The author should ask to ammend the question to include (or not) compatability with Mac PPC as a goal.
Can you buy Motorola motherboards and pop in a CPU? Sure.
That's it??
It would be more interesting to consider the "platform" as part of the question. Some would be exclusively interested in compliant hardware that runs MacOS. Others would just want something that runs Linux.
The question actually is not "can you", but indeed "why" or "what for". Corporate america doesn't use pixy dust. With training, instructions, and patience (or just money), you can build almost anything that intel, cisco, or apple makes. You may need a good chunk of an electrical engineering education (or time to read the books on your own). An EE could do it in his/her sleep.
So "can you" is a simple yes.
The interesting question is "why?" and "what for?".
I've no idea what you'd need to do to get this MacOS compatible. Do they still use dark matter (ROM) in those machines? But if you're not going for Mac compatibility I don't know why you want to roll your own.

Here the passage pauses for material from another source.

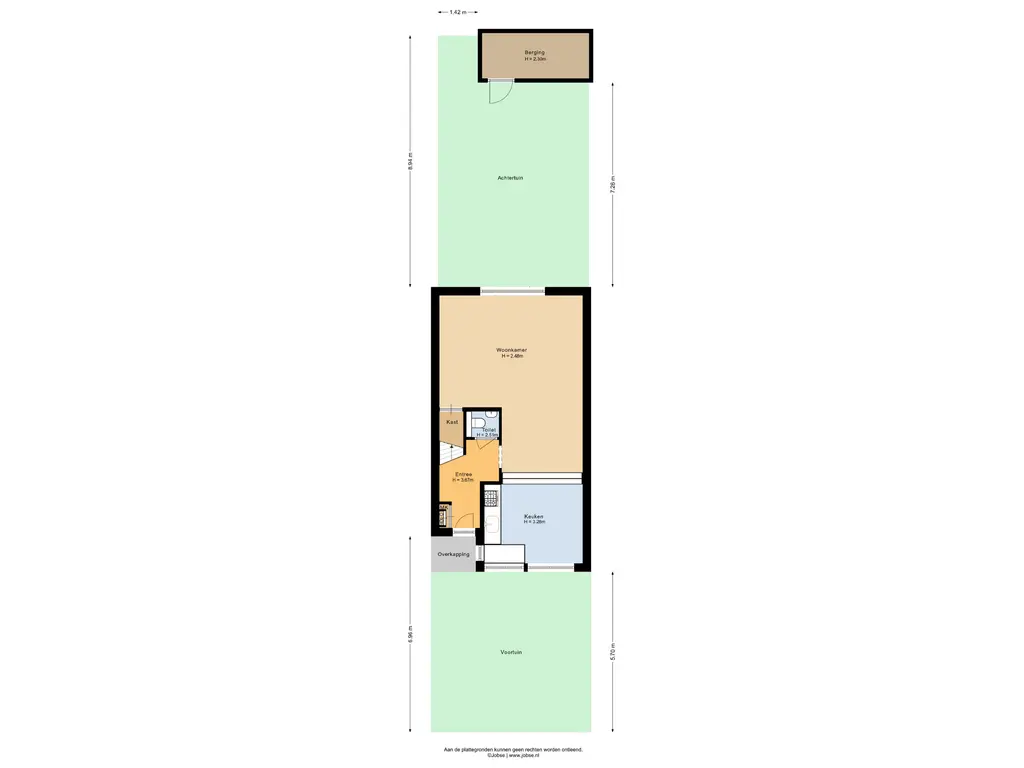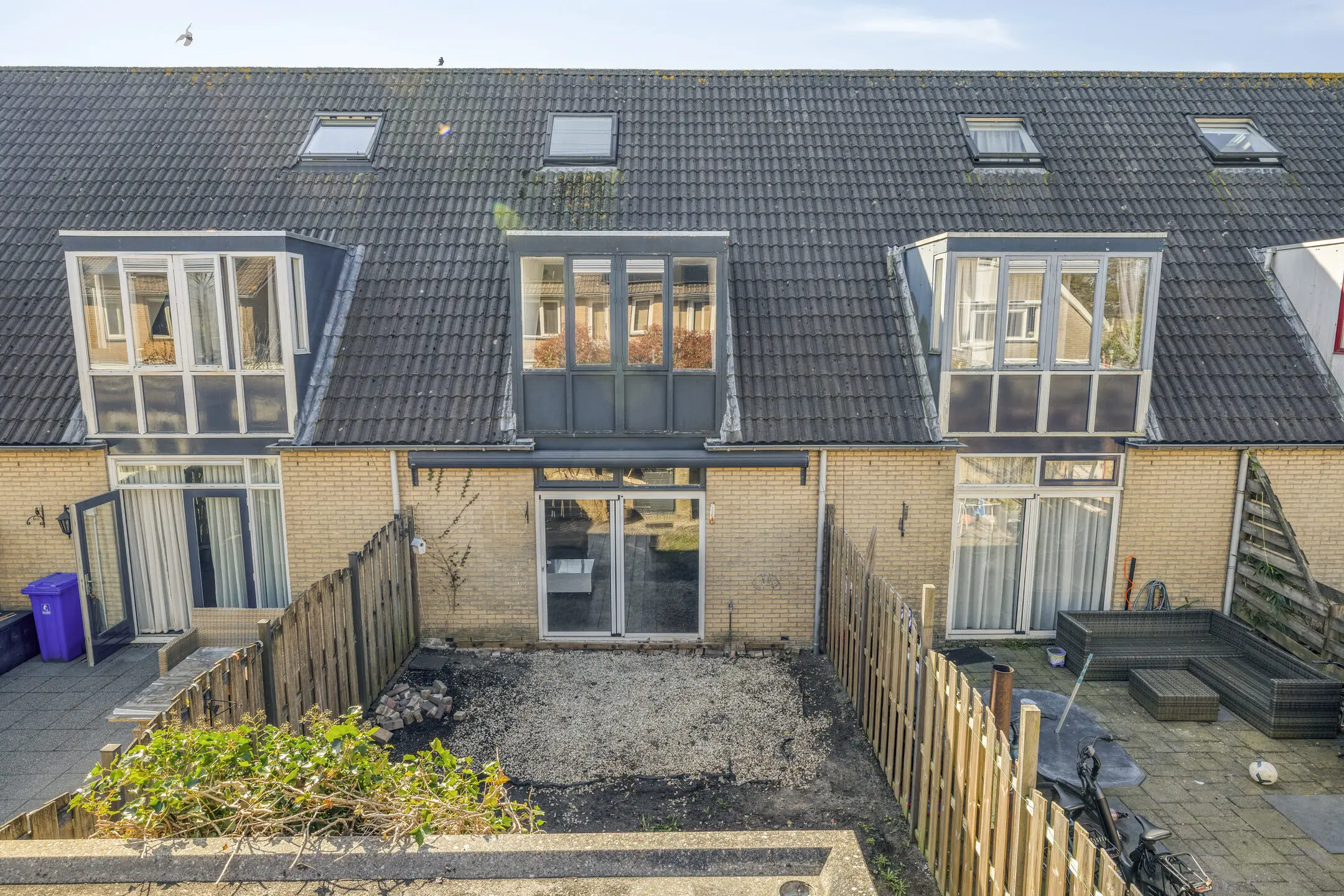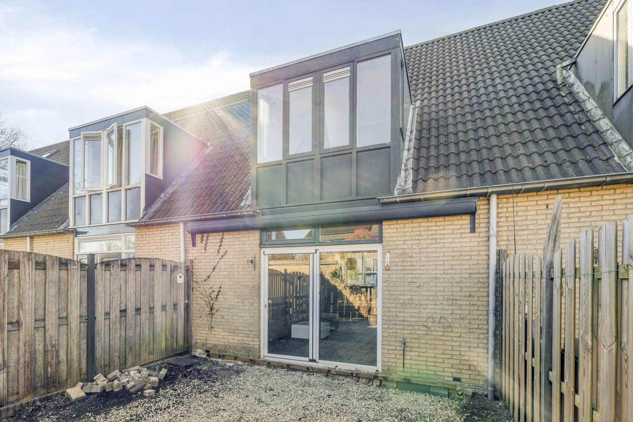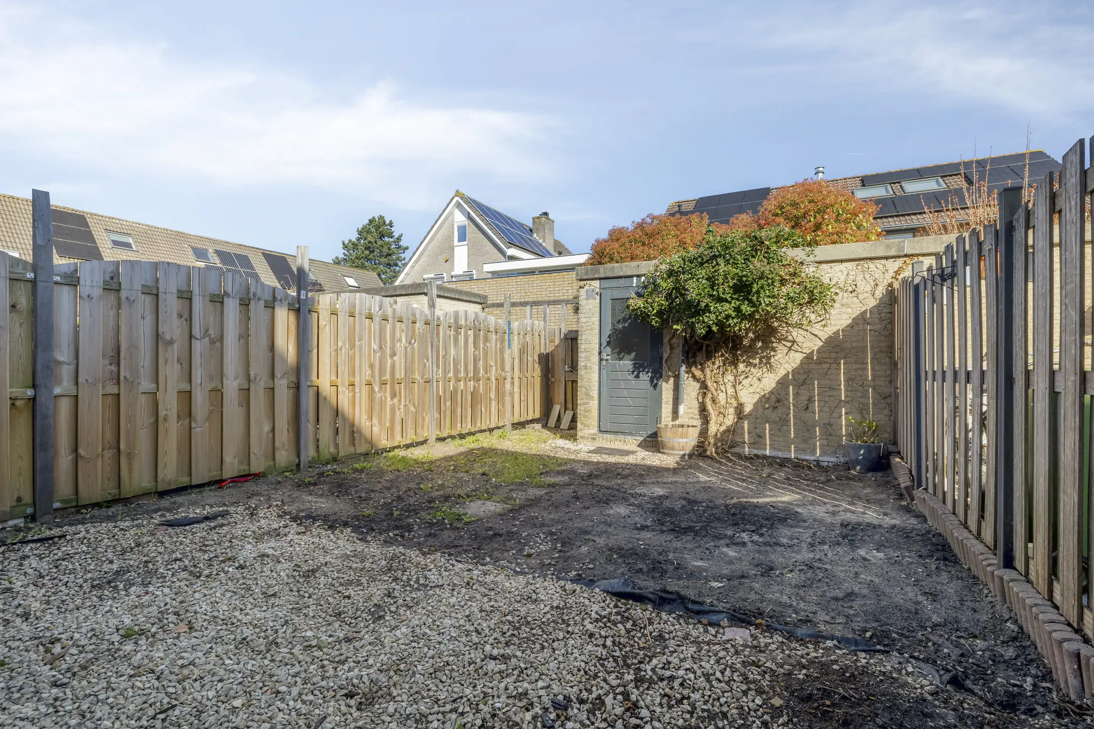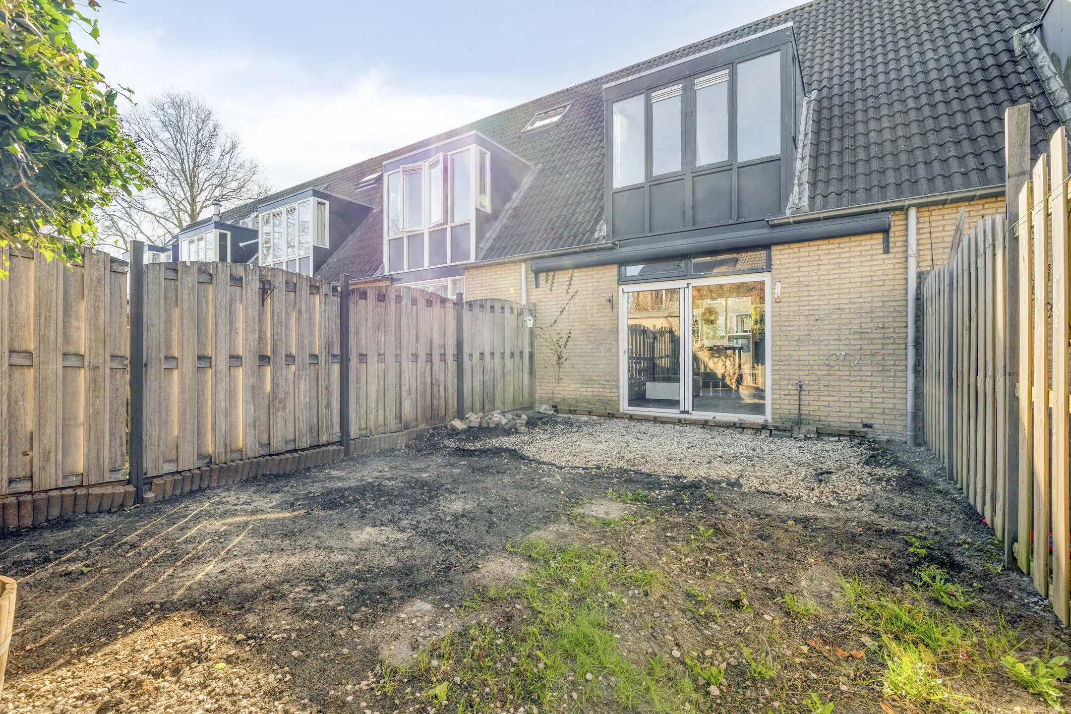- Achtertuin op het noorden, door het lange schuine dak is er zomers veel zon

No, the NewWorld machines (the PowerBook G3 "Lombard" and "Pismo", PowerBook G4, and all "candy-colored" Apples) use OpenFirmware, and use a ROM-in-RAM system, where the MacOS ROM image is an ELF binary with a Forth wrapper. The OF starts the Forth wrapper, which loads the image, jumps into it, then goes on like an OldWorld from there. The MacOS ROM is kinda picky about the hardware it's on from what I gather, so it probably wouldn't like a non-Apple PPC system. OS X might not care. But if you don't care about running MacOS, why wouldn't a commodity PowerPC system be the perfect answer?